Long time blog friend Alphecca shared this outrageous overreach of government power this morning. Seems like the feds want you to get a permit before you click that selfie in the wilderness.

I left a comment....for what it's worth...You can too, if you feel so moved. Here is another link Jeff shared with some clarification of the potential ramifications of this one. First Amendment anyone?

Wednesday, September 24, 2014

Fog

Goldfinch gleaning the rudbeckia

I am thankful for it. Each clear, cold evening threatens frost, but mornings are shrouded like unused furniture in a forgotten tower room, blanketed in insulating moisture, saving plants and crops.

At predawn Daisy-walking time, the tame turkeys in their turkey tractor crouch low and slink along like their wild cousins, and chuckle and chortle softly to themselves.

New chickies the kids got the other day

Come sunup they will gobble and purr quite happily, but  they are nervous of things that go bump in the night. With the faint odor of skunk that floats on the breeze I don't think I blame them. 

When Ren barks they call right back at her, which makes for a silly symphony out there on the back lawn.

Yesterday was another soup day, Italian Sausage again. The tomatoes are getting ahead of me and soup makes a fine swan song for them, plus making good use of the odds and ends of beans and squash still being produced as long as frost holds off. I processed a couple of bags of sauce for the freezer too.


The boss made hay, great walloping big bales of second cutting, with more to go today if all goes well. Now he just has to sell it.

If I get the Farm Side finished and sent and all goes well, we may go pick some corn that one of our friends has offered. Anything in the freezer for winter is welcome!

Tuesday, September 23, 2014

Oh, Bull


A couple of weeks ago we turned Bruce, Broadway's last year's bull calf, in with the four heifers. He has always been very quiet.

Frankly, I am not crazy about the quiet ones...bulls that is....because you tend to get complacent around them, and then bad things happen.

Bruce has been a little off the past week so the boss went into the pen to doctor on him, got it done, and turned to leave. The little bull instantly attacked him, drove right into him with his head and nearly put him on the ground.

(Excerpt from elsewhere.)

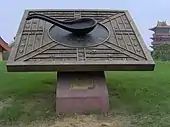Although an ancient hematite artifact from the Olmec era in Mexico dating to roughly 1000 BC indicates the possible use of the lodestone compass long before it was described in China, the Olmecs did not have iron which the Chinese would discover could be magnetised by contact with lodestone.[34] Descriptions of lodestone attracting iron were made in the Guanzi, Master Lu's Spring and Autumn Annals and Huainanzi.[35][36][37] The Chinese by the Han Dynasty (202 BC – 220 AD) began using north-south oriented lodestone ladle-and-bowl shaped compasses for divination and geomancy and not yet for navigation.[38][39][40] The Lunheng, written by Han dynasty writer, scientist, and philosopher Wang Chong (27 – c. 100 AD) stated in chapter 52: "This instrument resembles a spoon and when it is placed on a plate on the ground, the handle points to the south".[41][42] There are, however, another two references under chapter 47 of the same text to the attractive power of a magnet according to Needham (1986),[43] but Li Shu-hua (1954) considers it to be lodestone, and states that there is no explicit mention of a magnet in Lunheng.[33] The Chinese polymath Shen Kuo (1031–1095) of the Song Dynasty (960–1279) was the first to accurately describe both magnetic declination (in discerning true north) and the magnetic needle compass in his Dream Pool Essays of 1088, while the Song dynasty writer Zhu Yu (fl. 12th century) was the first to mention use of the compass specifically for navigation at sea in his book published in 1119.[22][39][44][45][46][47][48] Even before this, however, the Wujing Zongyao military manuscript compiled by 1044 described a thermoremanence compass of heated iron or steel shaped as a fish and placed in a bowl of water which produced a weak magnetic force via remanence and induction; the Wujing Zongyao recorded that it was used as a pathfinder along with the mechanical south-pointing chariot.[49][50]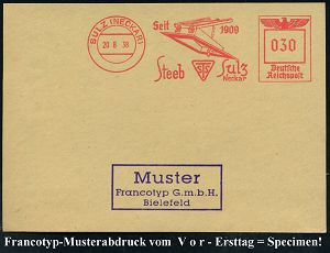 4390 | 35 € | POSTLEITRAUM 7200 (OHNE TUTTLINGEN) : SULZ (NECKAR)/ Seit 1909/ Steeb.. 1938 (20.8.) AFS-Musterabdruck Francotyp "Reichsadler" (Kipp-Fenster) glasklar gest. Francotyp-Musterblatt vom V o r - Ersttag! (m. Attest), selten! (Dü.E-5CGo) | ![]() ![]() | |

I was hobbling across the  barnyard in my usual lame-footed gait and saw it all.

The boss hollered, "Bring me a stick!", but by the time I got there, the bull had gone after him again, and he had grabbed him by the head, turned him into the gate and got him to stop.

Yowsa! He is just a little bitty bull. He has always been very calm and timid. But wow!

Next time we handle him he is going to get a ring in his nose if I have any say about it.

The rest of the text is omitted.